## HOW TO COMPLETE THIS TASK
All that is needed is the run of lines from the top of the entries to the line with "Während alle anderen", that line included, repeated exactly and free of pictures.

* * * *

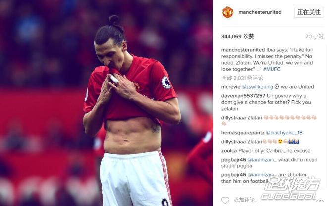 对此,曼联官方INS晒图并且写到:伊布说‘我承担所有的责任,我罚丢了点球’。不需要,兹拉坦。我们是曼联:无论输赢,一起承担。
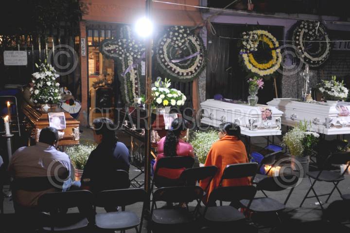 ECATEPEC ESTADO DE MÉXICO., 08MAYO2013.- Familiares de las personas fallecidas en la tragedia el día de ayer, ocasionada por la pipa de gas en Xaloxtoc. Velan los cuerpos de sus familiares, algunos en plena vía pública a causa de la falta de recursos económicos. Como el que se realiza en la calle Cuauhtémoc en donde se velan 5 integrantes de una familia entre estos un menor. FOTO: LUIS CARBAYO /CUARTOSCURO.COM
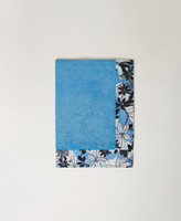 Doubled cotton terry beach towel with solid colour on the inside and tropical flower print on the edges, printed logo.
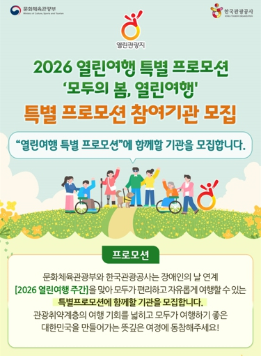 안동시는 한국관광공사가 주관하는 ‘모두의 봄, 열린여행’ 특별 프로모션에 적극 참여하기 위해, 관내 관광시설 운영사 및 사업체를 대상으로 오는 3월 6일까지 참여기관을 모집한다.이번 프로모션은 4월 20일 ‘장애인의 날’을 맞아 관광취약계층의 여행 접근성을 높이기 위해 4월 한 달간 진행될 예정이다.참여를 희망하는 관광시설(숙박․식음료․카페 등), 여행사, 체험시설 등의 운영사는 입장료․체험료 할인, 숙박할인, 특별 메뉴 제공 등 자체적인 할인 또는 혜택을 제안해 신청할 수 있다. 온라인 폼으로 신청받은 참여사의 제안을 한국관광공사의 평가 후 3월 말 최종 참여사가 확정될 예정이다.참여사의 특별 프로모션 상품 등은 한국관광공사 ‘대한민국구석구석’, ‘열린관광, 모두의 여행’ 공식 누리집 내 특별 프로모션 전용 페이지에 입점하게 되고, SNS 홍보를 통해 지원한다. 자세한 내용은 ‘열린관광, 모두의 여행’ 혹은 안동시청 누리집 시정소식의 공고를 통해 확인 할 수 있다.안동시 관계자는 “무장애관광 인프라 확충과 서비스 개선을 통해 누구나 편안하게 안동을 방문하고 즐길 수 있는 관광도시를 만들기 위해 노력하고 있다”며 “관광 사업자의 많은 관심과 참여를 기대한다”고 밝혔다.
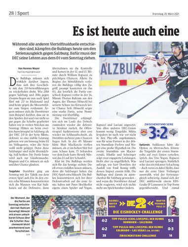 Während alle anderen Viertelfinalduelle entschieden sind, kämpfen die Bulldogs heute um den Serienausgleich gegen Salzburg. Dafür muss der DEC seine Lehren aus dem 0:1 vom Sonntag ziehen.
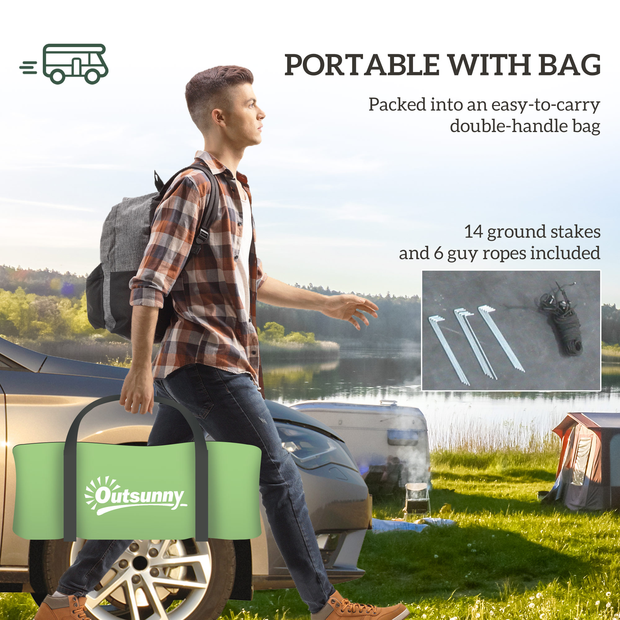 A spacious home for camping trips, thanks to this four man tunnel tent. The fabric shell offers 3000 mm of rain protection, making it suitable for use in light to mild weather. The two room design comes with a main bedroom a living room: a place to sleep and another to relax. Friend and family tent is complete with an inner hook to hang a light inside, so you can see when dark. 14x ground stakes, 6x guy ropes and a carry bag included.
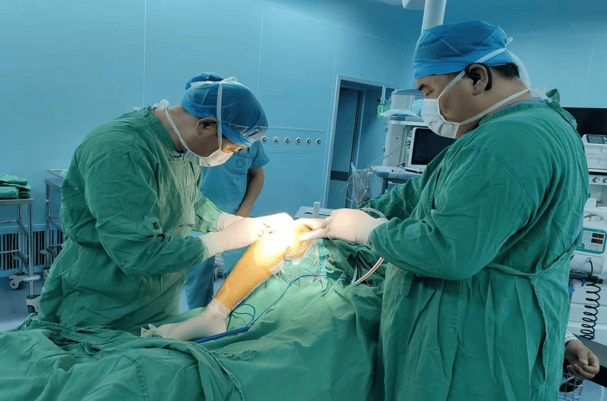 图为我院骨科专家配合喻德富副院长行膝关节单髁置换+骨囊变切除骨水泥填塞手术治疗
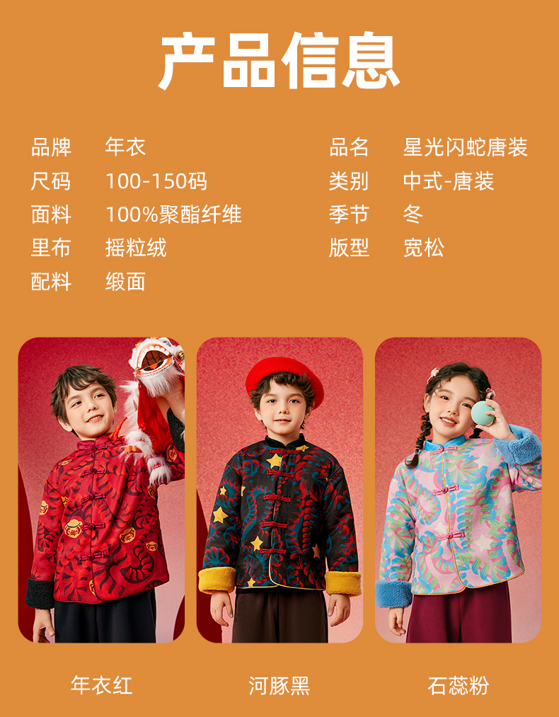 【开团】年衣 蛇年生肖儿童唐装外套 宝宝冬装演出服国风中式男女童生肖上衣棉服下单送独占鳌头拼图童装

* * * *

## REPLY
 对此,曼联官方INS晒图并且写到:伊布说‘我承担所有的责任,我罚丢了点球’。不需要,兹拉坦。我们是曼联:无论输赢,一起承担。
 ECATEPEC ESTADO DE MÉXICO., 08MAYO2013.- Familiares de las personas fallecidas en la tragedia el día de ayer, ocasionada por la pipa de gas en Xaloxtoc. Velan los cuerpos de sus familiares, algunos en plena vía pública a causa de la falta de recursos económicos. Como el que se realiza en la calle Cuauhtémoc en donde se velan 5 integrantes de una familia entre estos un menor. FOTO: LUIS CARBAYO /CUARTOSCURO.COM
 Doubled cotton terry beach towel with solid colour on the inside and tropical flower print on the edges, printed logo.
 안동시는 한국관광공사가 주관하는 ‘모두의 봄, 열린여행’ 특별 프로모션에 적극 참여하기 위해, 관내 관광시설 운영사 및 사업체를 대상으로 오는 3월 6일까지 참여기관을 모집한다.이번 프로모션은 4월 20일 ‘장애인의 날’을 맞아 관광취약계층의 여행 접근성을 높이기 위해 4월 한 달간 진행될 예정이다.참여를 희망하는 관광시설(숙박․식음료․카페 등), 여행사, 체험시설 등의 운영사는 입장료․체험료 할인, 숙박할인, 특별 메뉴 제공 등 자체적인 할인 또는 혜택을 제안해 신청할 수 있다. 온라인 폼으로 신청받은 참여사의 제안을 한국관광공사의 평가 후 3월 말 최종 참여사가 확정될 예정이다.참여사의 특별 프로모션 상품 등은 한국관광공사 ‘대한민국구석구석’, ‘열린관광, 모두의 여행’ 공식 누리집 내 특별 프로모션 전용 페이지에 입점하게 되고, SNS 홍보를 통해 지원한다. 자세한 내용은 ‘열린관광, 모두의 여행’ 혹은 안동시청 누리집 시정소식의 공고를 통해 확인 할 수 있다.안동시 관계자는 “무장애관광 인프라 확충과 서비스 개선을 통해 누구나 편안하게 안동을 방문하고 즐길 수 있는 관광도시를 만들기 위해 노력하고 있다”며 “관광 사업자의 많은 관심과 참여를 기대한다”고 밝혔다.
 Während alle anderen Viertelfinalduelle entschieden sind, kämpfen die Bulldogs heute um den Serienausgleich gegen Salzburg. Dafür muss der DEC seine Lehren aus dem 0:1 vom Sonntag ziehen.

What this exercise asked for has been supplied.